**Work item**
Both the line containing "Tego dnia dzieci" and the line containing "Das hier gezeigte" belong to the span. Output exactly that span from the listing below, and nothing outside it.

**Input data**
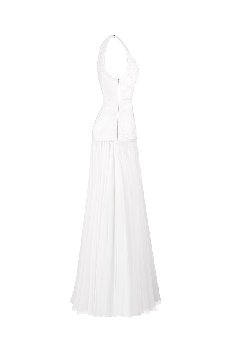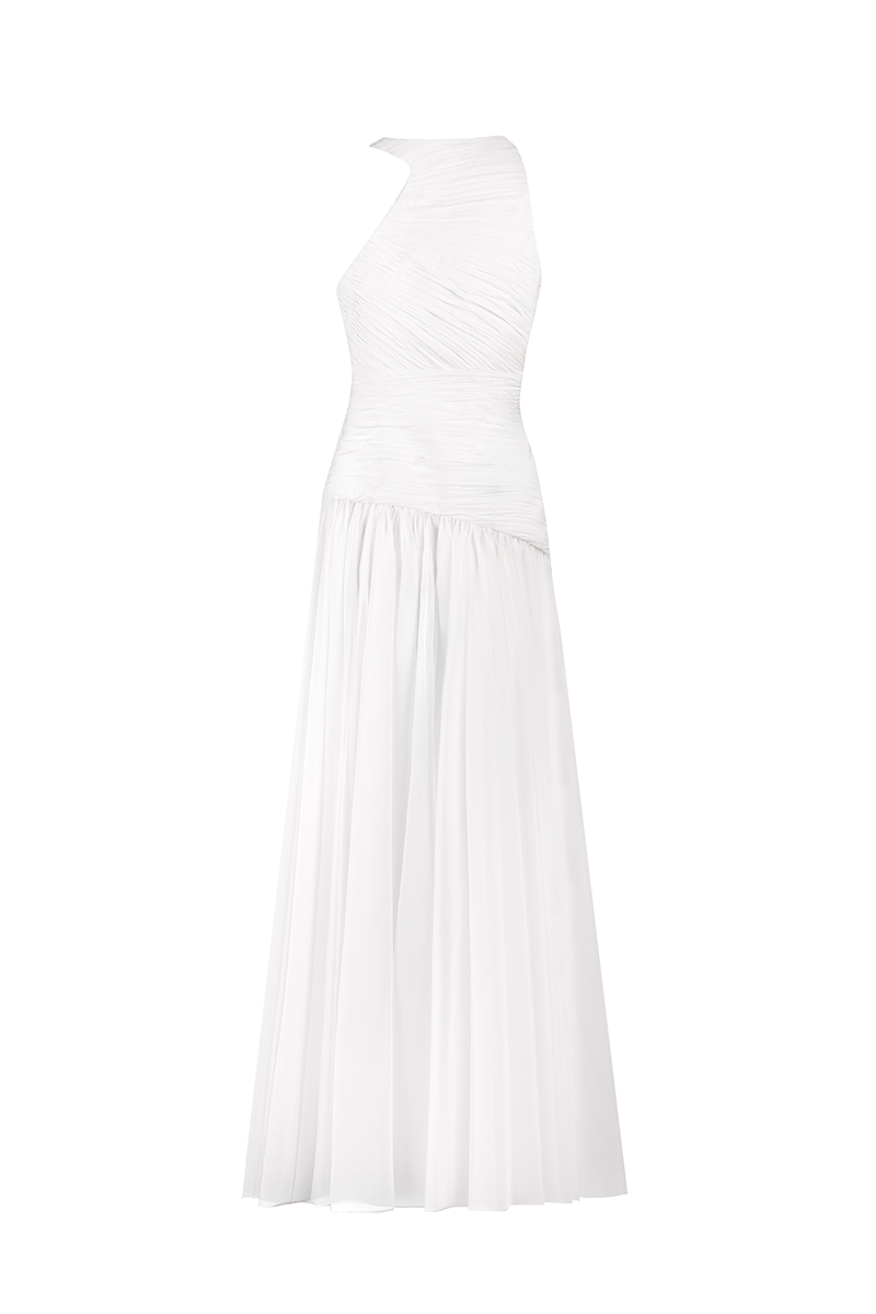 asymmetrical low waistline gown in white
---
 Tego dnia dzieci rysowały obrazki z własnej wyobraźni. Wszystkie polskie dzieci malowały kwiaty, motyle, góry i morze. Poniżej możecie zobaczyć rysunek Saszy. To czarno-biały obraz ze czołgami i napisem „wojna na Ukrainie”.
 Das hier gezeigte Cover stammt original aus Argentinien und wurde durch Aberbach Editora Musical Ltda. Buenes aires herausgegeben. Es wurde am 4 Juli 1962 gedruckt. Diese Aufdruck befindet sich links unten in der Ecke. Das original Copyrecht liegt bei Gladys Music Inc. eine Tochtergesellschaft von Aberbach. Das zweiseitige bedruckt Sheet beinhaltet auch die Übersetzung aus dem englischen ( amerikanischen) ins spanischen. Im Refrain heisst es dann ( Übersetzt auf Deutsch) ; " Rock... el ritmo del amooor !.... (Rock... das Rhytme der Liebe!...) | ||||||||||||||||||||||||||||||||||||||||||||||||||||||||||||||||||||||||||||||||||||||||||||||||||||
* * *
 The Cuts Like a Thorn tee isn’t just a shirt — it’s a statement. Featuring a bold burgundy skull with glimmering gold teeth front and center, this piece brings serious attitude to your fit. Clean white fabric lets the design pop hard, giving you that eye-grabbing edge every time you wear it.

**Response below**
 Tego dnia dzieci rysowały obrazki z własnej wyobraźni. Wszystkie polskie dzieci malowały kwiaty, motyle, góry i morze. Poniżej możecie zobaczyć rysunek Saszy. To czarno-biały obraz ze czołgami i napisem „wojna na Ukrainie”.
 Das hier gezeigte Cover stammt original aus Argentinien und wurde durch Aberbach Editora Musical Ltda. Buenes aires herausgegeben. Es wurde am 4 Juli 1962 gedruckt. Diese Aufdruck befindet sich links unten in der Ecke. Das original Copyrecht liegt bei Gladys Music Inc. eine Tochtergesellschaft von Aberbach. Das zweiseitige bedruckt Sheet beinhaltet auch die Übersetzung aus dem englischen ( amerikanischen) ins spanischen. Im Refrain heisst es dann ( Übersetzt auf Deutsch) ; " Rock... el ritmo del amooor !.... (Rock... das Rhytme der Liebe!...) | ||||||||||||||||||||||||||||||||||||||||||||||||||||||||||||||||||||||||||||||||||||||||||||||||||||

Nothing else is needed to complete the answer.